§ **Action item**: Could the data underneath be repeated exactly, in full?

§ **Supplied records**:

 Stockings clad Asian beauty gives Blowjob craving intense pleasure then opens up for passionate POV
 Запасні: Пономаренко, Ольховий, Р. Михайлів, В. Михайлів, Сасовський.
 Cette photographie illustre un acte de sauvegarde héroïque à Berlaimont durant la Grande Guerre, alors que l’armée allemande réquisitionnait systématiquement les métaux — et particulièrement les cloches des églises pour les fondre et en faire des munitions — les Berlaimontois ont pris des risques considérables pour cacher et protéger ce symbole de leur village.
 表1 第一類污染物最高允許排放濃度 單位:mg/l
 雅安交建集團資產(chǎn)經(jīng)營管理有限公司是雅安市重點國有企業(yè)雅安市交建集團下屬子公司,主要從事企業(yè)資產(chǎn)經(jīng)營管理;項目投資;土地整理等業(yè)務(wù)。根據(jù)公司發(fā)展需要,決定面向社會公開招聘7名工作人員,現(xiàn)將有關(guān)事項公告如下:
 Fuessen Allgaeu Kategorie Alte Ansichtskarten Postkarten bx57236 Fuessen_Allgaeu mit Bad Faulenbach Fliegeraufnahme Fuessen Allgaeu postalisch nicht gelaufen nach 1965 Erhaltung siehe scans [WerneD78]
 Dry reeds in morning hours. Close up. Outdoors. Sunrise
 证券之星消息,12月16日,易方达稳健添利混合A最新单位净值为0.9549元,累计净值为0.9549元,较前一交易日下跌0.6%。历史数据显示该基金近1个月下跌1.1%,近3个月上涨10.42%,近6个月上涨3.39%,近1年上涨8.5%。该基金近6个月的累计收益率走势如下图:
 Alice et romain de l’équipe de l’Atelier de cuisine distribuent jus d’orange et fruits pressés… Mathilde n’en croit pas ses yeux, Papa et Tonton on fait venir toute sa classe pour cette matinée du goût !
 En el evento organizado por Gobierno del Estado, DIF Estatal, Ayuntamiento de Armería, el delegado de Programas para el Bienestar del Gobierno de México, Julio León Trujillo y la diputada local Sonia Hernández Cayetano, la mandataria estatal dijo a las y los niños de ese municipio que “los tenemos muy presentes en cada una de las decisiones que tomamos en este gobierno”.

§ **Answer area**:
 Stockings clad Asian beauty gives Blowjob craving intense pleasure then opens up for passionate POV
 Запасні: Пономаренко, Ольховий, Р. Михайлів, В. Михайлів, Сасовський.
 Cette photographie illustre un acte de sauvegarde héroïque à Berlaimont durant la Grande Guerre, alors que l’armée allemande réquisitionnait systématiquement les métaux — et particulièrement les cloches des églises pour les fondre et en faire des munitions — les Berlaimontois ont pris des risques considérables pour cacher et protéger ce symbole de leur village.
 表1 第一類污染物最高允許排放濃度 單位:mg/l
 雅安交建集團資產(chǎn)經(jīng)營管理有限公司是雅安市重點國有企業(yè)雅安市交建集團下屬子公司,主要從事企業(yè)資產(chǎn)經(jīng)營管理;項目投資;土地整理等業(yè)務(wù)。根據(jù)公司發(fā)展需要,決定面向社會公開招聘7名工作人員,現(xiàn)將有關(guān)事項公告如下:
 Fuessen Allgaeu Kategorie Alte Ansichtskarten Postkarten bx57236 Fuessen_Allgaeu mit Bad Faulenbach Fliegeraufnahme Fuessen Allgaeu postalisch nicht gelaufen nach 1965 Erhaltung siehe scans [WerneD78]
 Dry reeds in morning hours. Close up. Outdoors. Sunrise
 证券之星消息,12月16日,易方达稳健添利混合A最新单位净值为0.9549元,累计净值为0.9549元,较前一交易日下跌0.6%。历史数据显示该基金近1个月下跌1.1%,近3个月上涨10.42%,近6个月上涨3.39%,近1年上涨8.5%。该基金近6个月的累计收益率走势如下图:
 Alice et romain de l’équipe de l’Atelier de cuisine distribuent jus d’orange et fruits pressés… Mathilde n’en croit pas ses yeux, Papa et Tonton on fait venir toute sa classe pour cette matinée du goût !
 En el evento organizado por Gobierno del Estado, DIF Estatal, Ayuntamiento de Armería, el delegado de Programas para el Bienestar del Gobierno de México, Julio León Trujillo y la diputada local Sonia Hernández Cayetano, la mandataria estatal dijo a las y los niños de ese municipio que “los tenemos muy presentes en cada una de las decisiones que tomamos en este gobierno”.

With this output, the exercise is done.